PRIMARY_REGION="us-east-1"
DR_REGION="us-west-2"
FAILOVER_REASON="$1"

log() {
    echo "[$(date -Iseconds)] $1" | tee -a /var/log/dr/failover-$(date +%Y%m%d).log
}

log "=== DR FAILOVER INITIATED ==="
log "Reason: $FAILOVER_REASON"
log "From: $PRIMARY_REGION → $DR_REGION"

# 1. Verify DR environment
log "1. Verifying DR environment readiness..."
if ! aws eks describe-cluster --name surveillance-dr --region $DR_REGION > /dev/null 2>&1; then
    log "ERROR: DR EKS cluster not accessible"
    exit 1
fi

# 2. Promote DR database from standby
log "2. Promoting DR database..."
aws rds promote-read-replica \
    --db-instance-identifier surveillance-dr-replica \
    --region $DR_REGION

# Wait for promotion
aws rds wait db-instance-available \
    --db-instance-identifier surveillance-dr-replica \
    --region $DR_REGION
log "   DR database promoted successfully"

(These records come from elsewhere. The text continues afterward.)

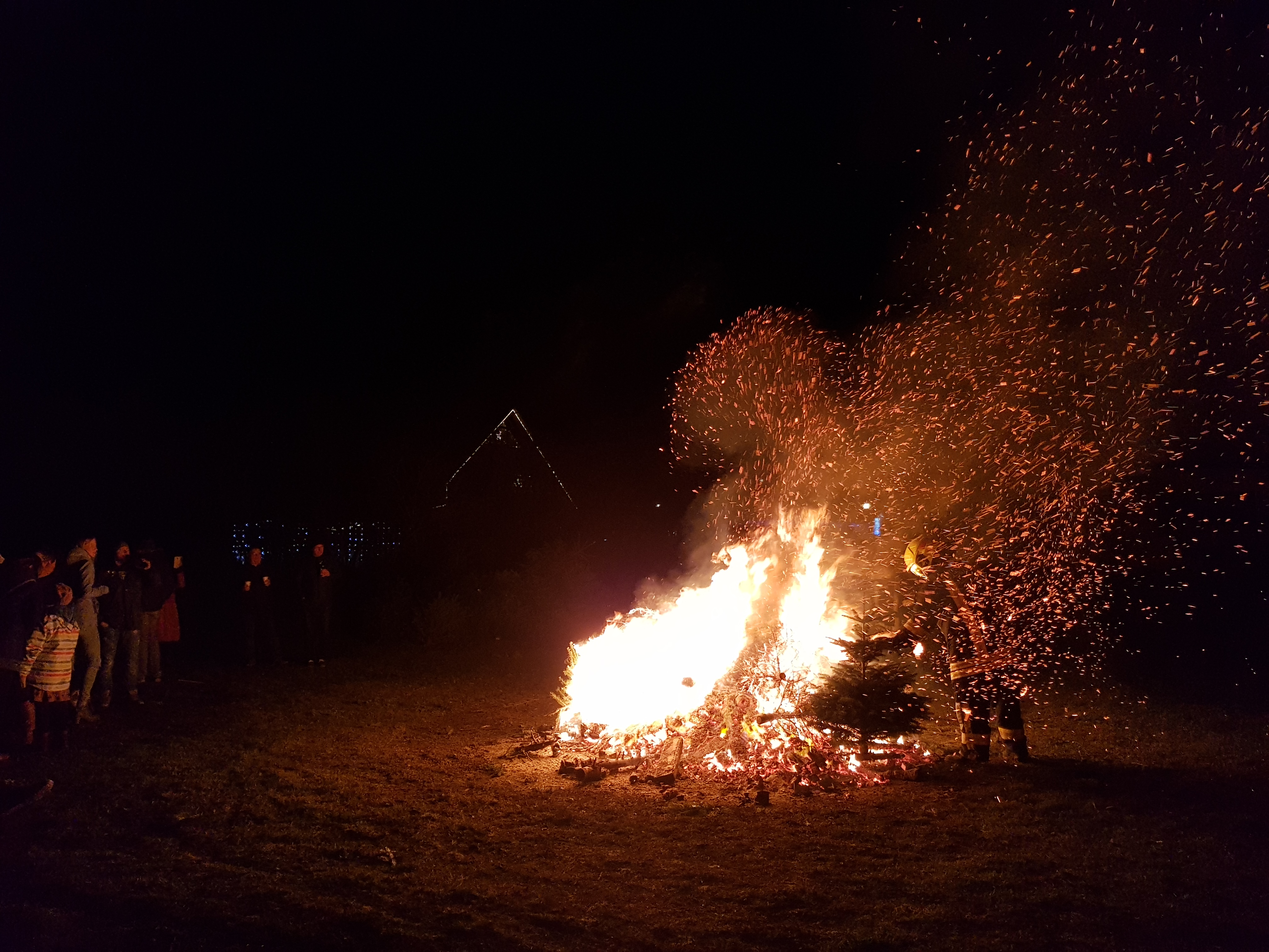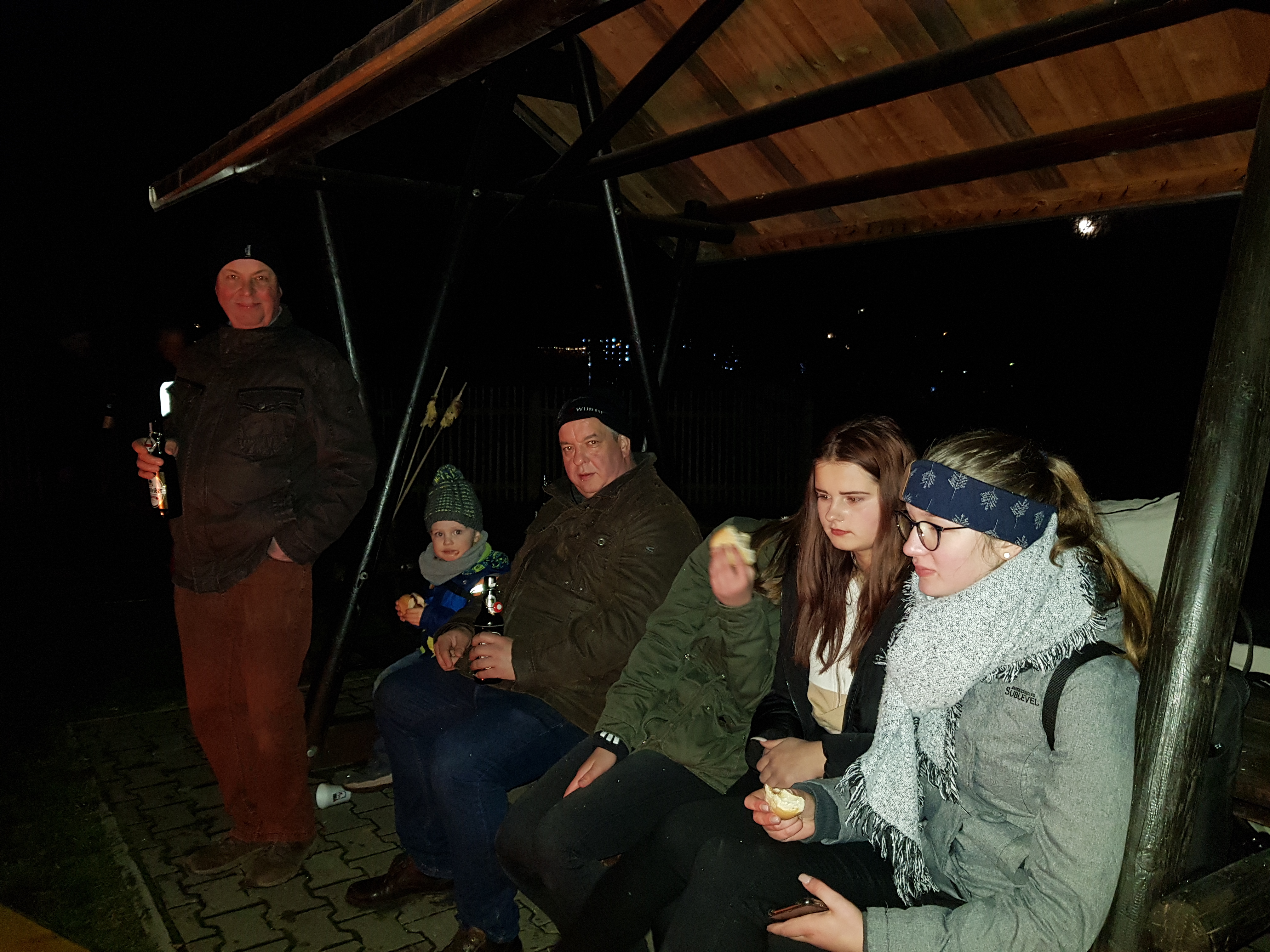 Auf dem Rückweg ließen es sich viele nicht nehmen, der Weihnachtsbaumverbrennung auf dem Kaulsdorfer Sportplatz beizuwohnen.
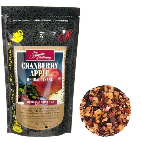 Metropolitan Tea Company - Cranberry Apple Tea. Full flavored and pungent with a rich fruity character. Add a cinnamon stick or a few cloves for a delicious mulled spice tea.
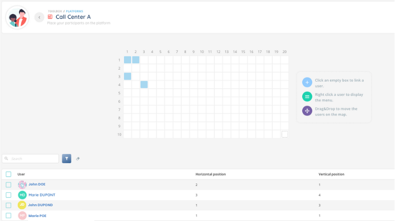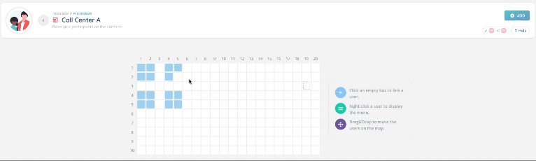 Open your previously created platform, then add as many agents as there are in your call center platform. You can place your agents according to their actual position in the office. A drag-and-drop system makes it easy to move an agent.
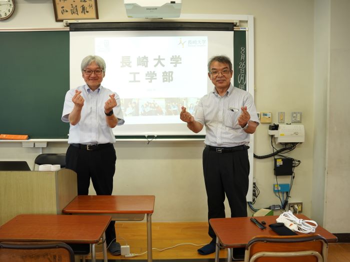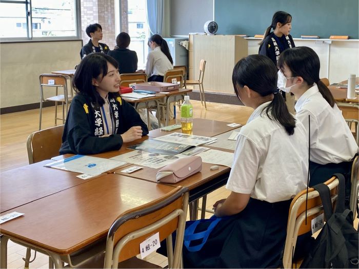 長崎大学は8月24日(土)に福岡県立城南高等学校で移動オープンキャンパスを開催しました。10学部それぞれが会場を設け、現役学生や教員が模擬授業や体験実習を行ったり、研究資料を展示したりして、学部の特徴や専門科目の魅力を伝えました。当日は城南高等学校の生徒はもちろん、それ以外の高等学校生や既卒生も訪れ、来場者総数は1648人でした。
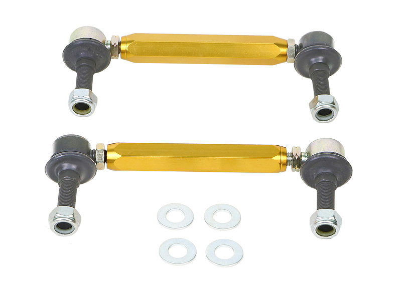 Mnoho nadšenců si neuvědomuje, že účinnost originálních i zejména sportovních stabilizátorů může být výrazně ovlivněna opotřebenými nebo nevhodnými uloženími, spojovacími tyčemi a bočními dorazy. Nastavitelné spojovací tyče stabilizátoru Whiteline jsou navrženy tak, aby tyto nároky splnily – využívají špičkové, lehké komponenty a umožňují přesné nastavení délky. Díky tomu lze při montáži eliminovat předpětí stabilizátoru a především zajistit maximální účinnost stabilizátoru pro lepší přilnavost a ovladatelnost.
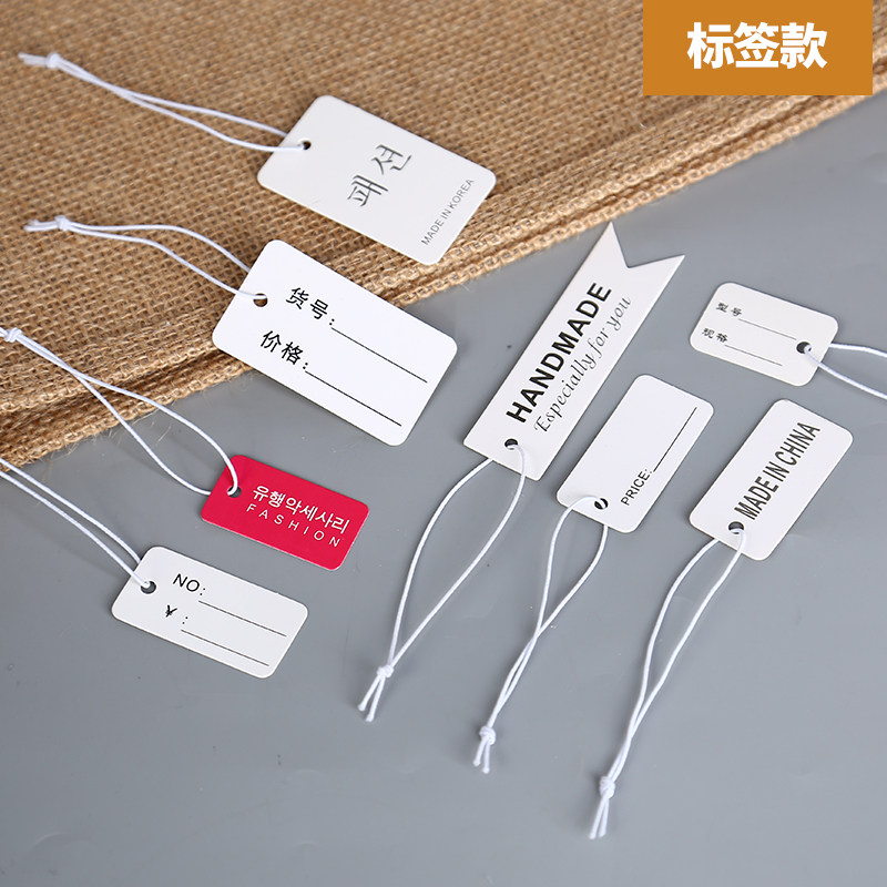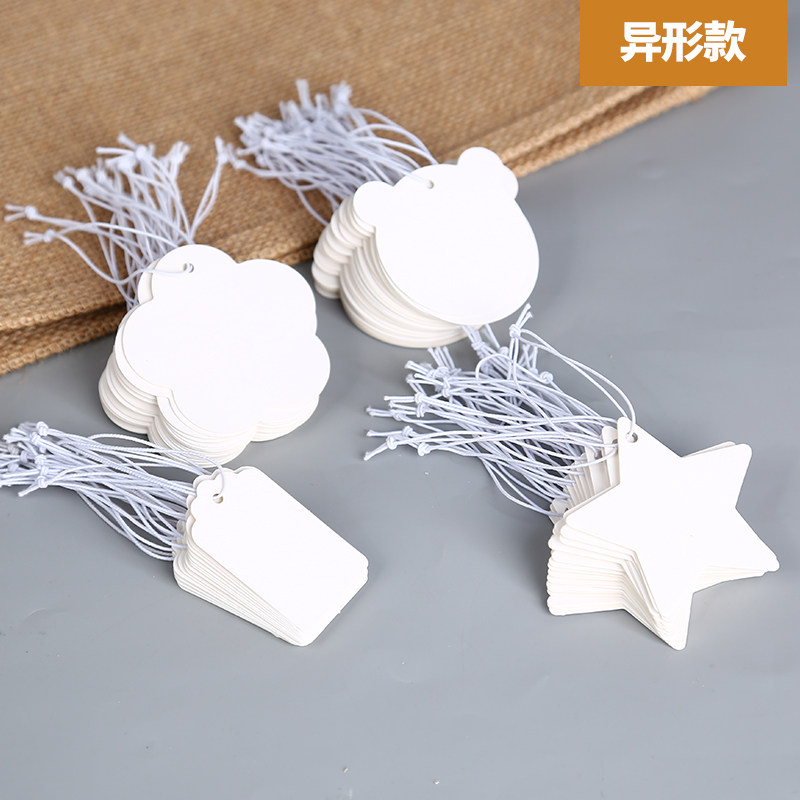白色吊牌带弹力绳空白小卡片价格标签牌穿绳挂牌白卡纸服装 包包商
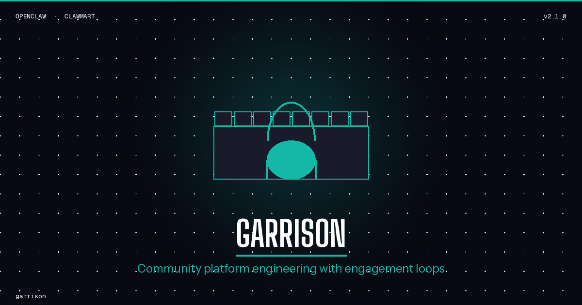 Garrison is a community platform engineering skill that designs scalable online communities with built-in engagement loops, moderation infrastructure, and growth mechanics. It handles the full lifecycle from founding a community through scaling it to thousands of active members -- covering Discord server architecture, forum design, onboarding funnels, retention systems, and the metrics that tell you whether any of it is working.

# 3. Enable Multi-AZ on DR database
log "3. Enabling Multi-AZ on DR database..."
aws rds modify-db-instance \
    --db-instance-identifier surveillance-dr-replica \
    --multi-az \
    --apply-immediately \
    --region $DR_REGION

# 4. Scale up DR EKS cluster
log "4. Scaling up DR EKS cluster..."
aws eks update-nodegroup-config \
    --cluster-name surveillance-dr \
    --nodegroup-name surveillance-workers \
    --scaling-config minSize=3,maxSize=10,desiredSize=3 \
    --region $DR_REGION

# Wait for nodes
sleep 120
kubectl wait --for=condition=Ready nodes --all --timeout=300s

# 5. Deploy application to DR
log "5. Deploying application to DR..."
kubectl config use-context surveillance-dr
kubectl apply -k k8s/overlays/dr/

# Wait for deployments
kubectl wait --for=condition=available \
    --all deployments \
    --namespace surveillance \
    --timeout=600s

# 6. Update DNS to point to DR
log "6. Updating DNS to DR region..."
aws route53 change-resource-record-sets \
    --hosted-zone-id $HOSTED_ZONE_ID \
    --change-batch file://dr-dns-update.json

# 7. Verify health
log "7. Running health checks..."
for i in {1..10}; do
    if curl -f https://surveillance.company.com/health/deep > /dev/null 2>&1; then
        log "   Health check PASSED"
        break
    fi
    log "   Health check attempt $i/10..."
    sleep 10
done

# 8. Verify cameras reconnecting
log "8. Verifying camera streams..."
sleep 60
STREAM_COUNT=$(curl -s https://surveillance.company.com/api/v1/cameras/status | \
    jq '[.cameras[] | select(.status == "active")] | length')
log "   Active streams: $STREAM_COUNT/8"

# 9. Send notifications
log "9. Sending notifications..."
curl -X POST "$SLACK_WEBHOOK" \
    -H 'Content-type: application/json' \
    -d "{\"text\":\"DR FAILOVER COMPLETE: Production now running in $DR_REGION. Reason: $FAILOVER_REASON. Active streams: $STREAM_COUNT/8\"}"

log "=== DR FAILOVER COMPLETE ==="
log "Total time: $(($(date +%s) - START_TIME)) seconds"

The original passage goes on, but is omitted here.